Exercise prompt: Retype the data below exactly, skipping pictures.

Data excerpt:
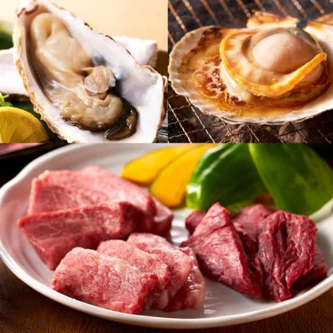 除了能直接品嚐食材原味的黑毛和牛燒肉和享受在海邊燒烤的樂趣之外,還有當天新鮮到貨的海鮮料理,以及經典居酒屋菜單,無論男女老少都能盡情享受!
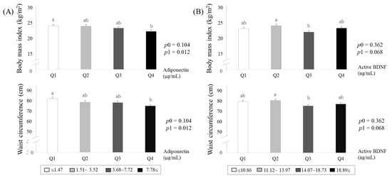 Based on the results in Figure 2, we subdivided study subjects into quartile groups according to circulating adiponectin or active-BDNF levels (Figure 3A,B). Both BMI and waist circumference levels were significantly lower in the lowest adiponectin group (Q4) than in the highest adiponectin group (Q1) after the adjustment (Figure 3A). On the other hand, the levels of BMI and waist circumference show inconsistent patterns according to mature-BDNF levels (Figure 3B).
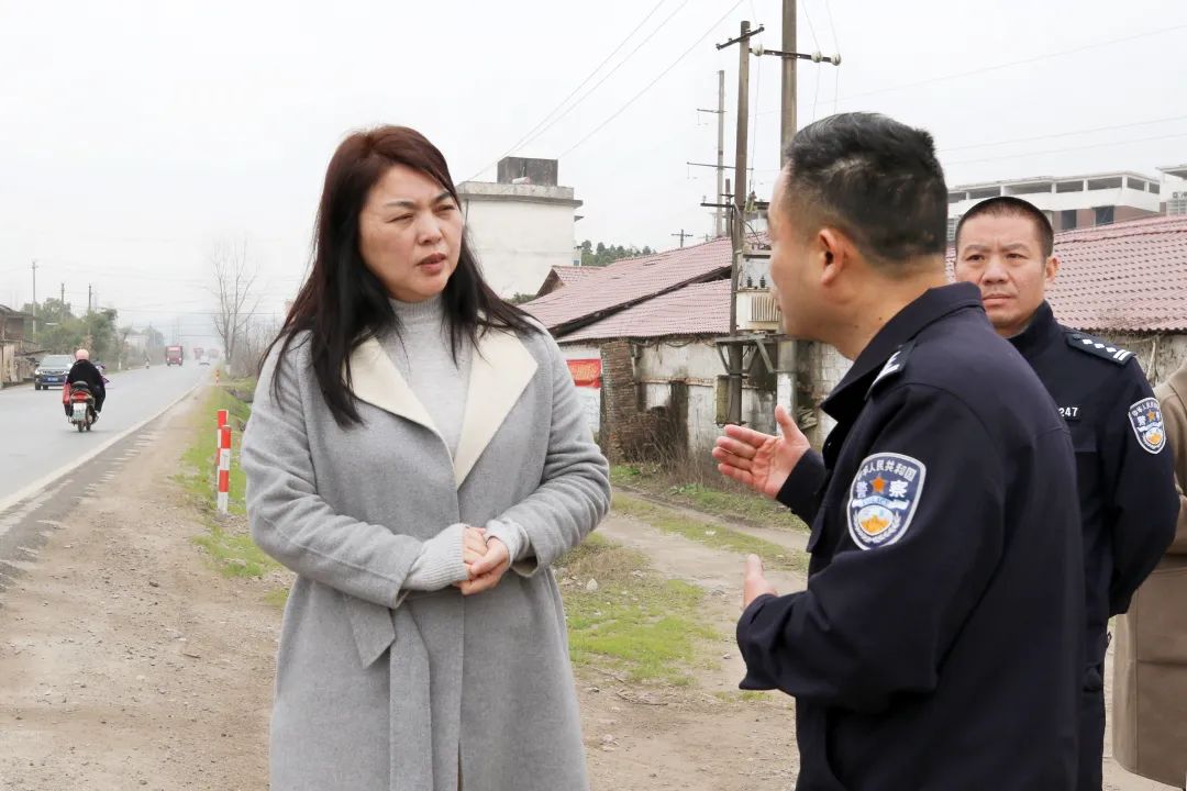 在省道S221塔下段,陈爱红实地察看了交通路口交通状况,听取了相关负责人对道路交通安全隐患排查整治工作情况汇报。她指出,各地各部门要牢固树立“人民至上、生命至上”的安全发展理念,始终把群众出行安全放在首位,充分认识隐患排查整治工作的重要性,坚持排查与治理并重,安全与畅通并行,全力以赴推进隐患排查整治工作;要科学设置交通标志标线,规范完善减速带、警示牌等安全防护设施,尽最大努力完善交通设施,最大限度消除道路交通安全隐患,强化路面巡逻管控,全力维护我县道路交通环境平安、有序、畅通。

Solved exercise:
 除了能直接品嚐食材原味的黑毛和牛燒肉和享受在海邊燒烤的樂趣之外,還有當天新鮮到貨的海鮮料理,以及經典居酒屋菜單,無論男女老少都能盡情享受!
 Based on the results in Figure 2, we subdivided study subjects into quartile groups according to circulating adiponectin or active-BDNF levels (Figure 3A,B). Both BMI and waist circumference levels were significantly lower in the lowest adiponectin group (Q4) than in the highest adiponectin group (Q1) after the adjustment (Figure 3A). On the other hand, the levels of BMI and waist circumference show inconsistent patterns according to mature-BDNF levels (Figure 3B).
 在省道S221塔下段,陈爱红实地察看了交通路口交通状况,听取了相关负责人对道路交通安全隐患排查整治工作情况汇报。她指出,各地各部门要牢固树立“人民至上、生命至上”的安全发展理念,始终把群众出行安全放在首位,充分认识隐患排查整治工作的重要性,坚持排查与治理并重,安全与畅通并行,全力以赴推进隐患排查整治工作;要科学设置交通标志标线,规范完善减速带、警示牌等安全防护设施,尽最大努力完善交通设施,最大限度消除道路交通安全隐患,强化路面巡逻管控,全力维护我县道路交通环境平安、有序、畅通。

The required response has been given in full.